Usually yes, once we've identified the diagnosis and you've a written summary of our findings. With your consent we write to your NHS GP requesting shared care — they typically continue NHS-priced prescriptions for licensed antihistamines, nasal sprays and eye drops long-term. For adrenaline auto-injectors specifically, both NHS and private treatments are available depending on your circumstances.

I've already had IgG food sensitivity testing — should I bring the results?

You're welcome to bring them, but we'll talk you through the clinical limitations. IgG food sensitivity testing isn't recommended by BSACI, EAACI (European Academy of Allergy and Clinical Immunology), AAAAI (American academy) or the NHS — the consensus is that high IgG levels against food are a normal response to eating that food, not a marker of intolerance or disease. We'd typically suggest setting those results aside and starting with a fresh symptom-history workup.

How quickly can I be seen?

Most allergy consultations are available within the same week. For urgent concerns (recent severe reaction, new-onset facial swelling, suspected drug reaction) call 020 7916 0029 and we'll try to fit you in sooner. For active anaphylaxis or rapidly progressive symptoms, A&E is the right place — not us.

I had a one-off severe reaction years ago and never knew what caused it.

This is a relatively common scenario — "idiopathic" reactions where no clear trigger was identified. We'd take a careful history of the reaction, the meal and environment beforehand, and any subsequent suspected episodes. Testing can sometimes narrow this down, but a one-off historical event without further reactions often remains "cause unknown" even after testing.

If you've had a confirmed anaphylactic-grade reaction — especially recent — we'd usually advise NHS consultant allergy referral rather than starting with us. They have the resources for more comprehensive workup including skin-prick, challenge testing and dedicated long-term care.

Do you do skin-prick testing or food challenges?

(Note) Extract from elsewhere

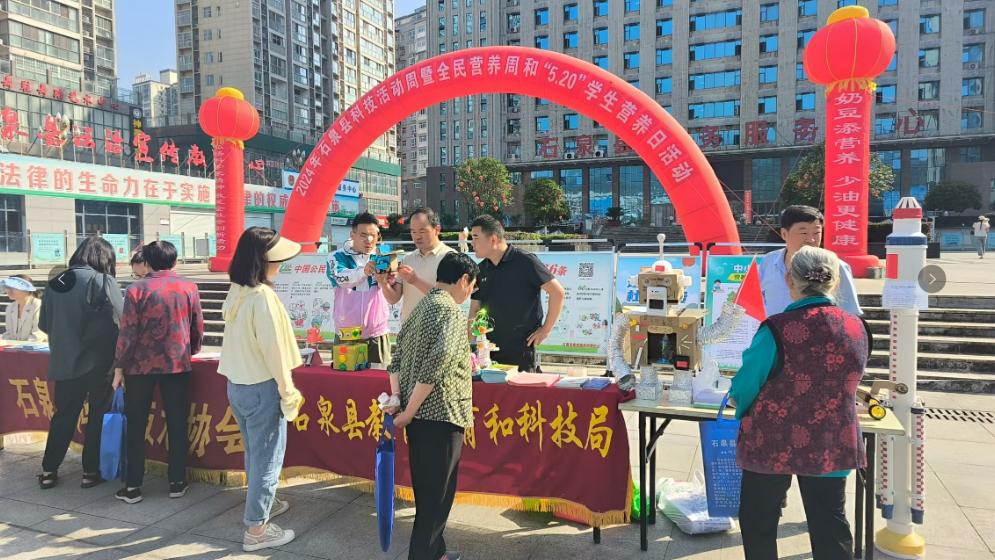 5月23日,石泉县2024年科技活动周暨全民营养周和“5.20”学生营养日主场宣传活动在县春潮广场如期举行,本次活动由县委宣传部、县教体科技局、卫健局、科协联合举办,活动围绕“弘扬科学家精神、激发全社会创新活力”和“奶豆添营养,少油更健康”两个主题面向广大市民展开了科普宣传咨询活动。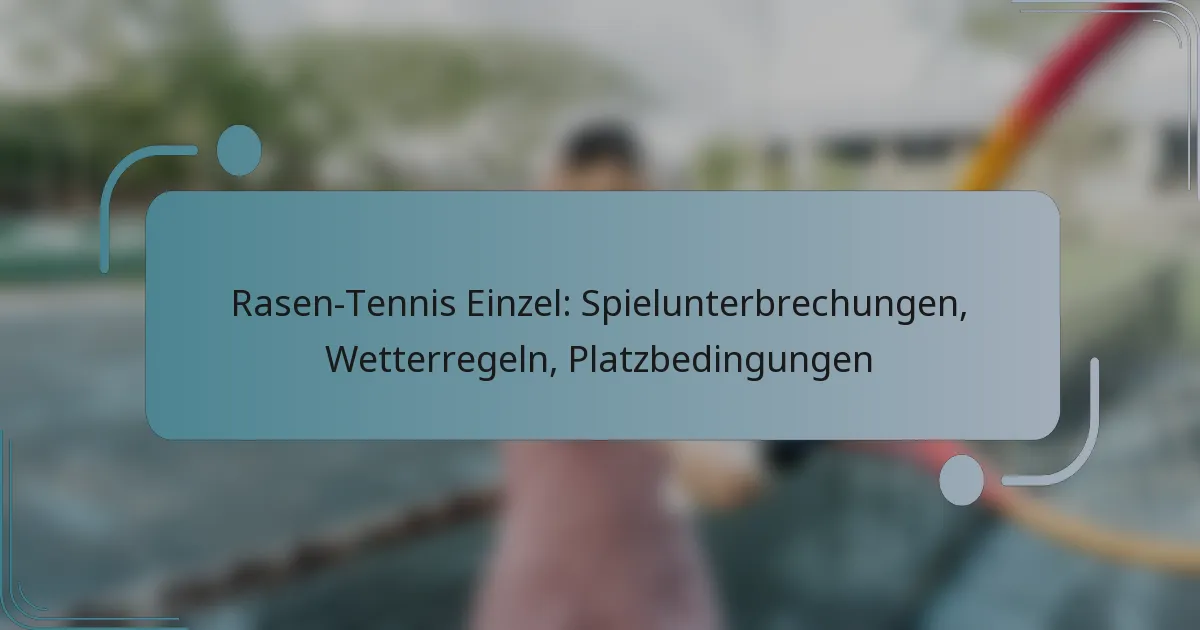 Einzelspiele im Rasentennis können aus verschiedenen Gründen unterbrochen werden, einschließlich ungünstiger Wetterbedingungen und Spielerverletzungen. Das Verständnis der Regeln, die diese Unterbrechungen regeln, ist entscheidend für sowohl Spieler als auch Zuschauer, da sie bestimmen, wie und wann das Spiel fortgesetzt werden kann. Wetterfaktoren wie Regen, Wind und extreme Temperaturen können den Spielplan und die Leistung der Spieler erheblich beeinflussen, während die Platzbedingungen ebenfalls eine wichtige Rolle bei der Beeinflussung des Spiels und der Ergebnisse spielen.

No — skin-prick testing and food challenge testing require a setting with full resuscitation capability and specialist allergy expertise. We refer to NHS or private allergy clinics for these. London has excellent specialist services (Royal Brompton, Guy's, St Mary's). We provide a clear summary letter and IgE results to support the referral.

What about allergen immunotherapy (desensitisation)?

Immunotherapy — subcutaneous or sublingual desensitisation, typically used for severe hayfever, dust mite allergy or insect venom allergy — is delivered in specialist allergy clinics over a course of months to years. We don't provide immunotherapy here, but can refer you with a workup summary if your symptoms are severe enough to warrant it. The decision is usually shared between you and a consultant allergist after IgE testing.

Will I get an adrenaline auto-injector ("EpiPen") if I need one?

If your clinical history suggests you're at risk of anaphylaxis — previous airway involvement, known anaphylactic reaction, severe asthma plus food allergy — we'd prescribe an adrenaline auto-injector (EpiPen, Jext or Emerade) and train you in its use. We always recommend having two on you at all times. If you're in this category, NHS allergy referral for full anaphylaxis management is also strongly recommended; we'd typically arrange both.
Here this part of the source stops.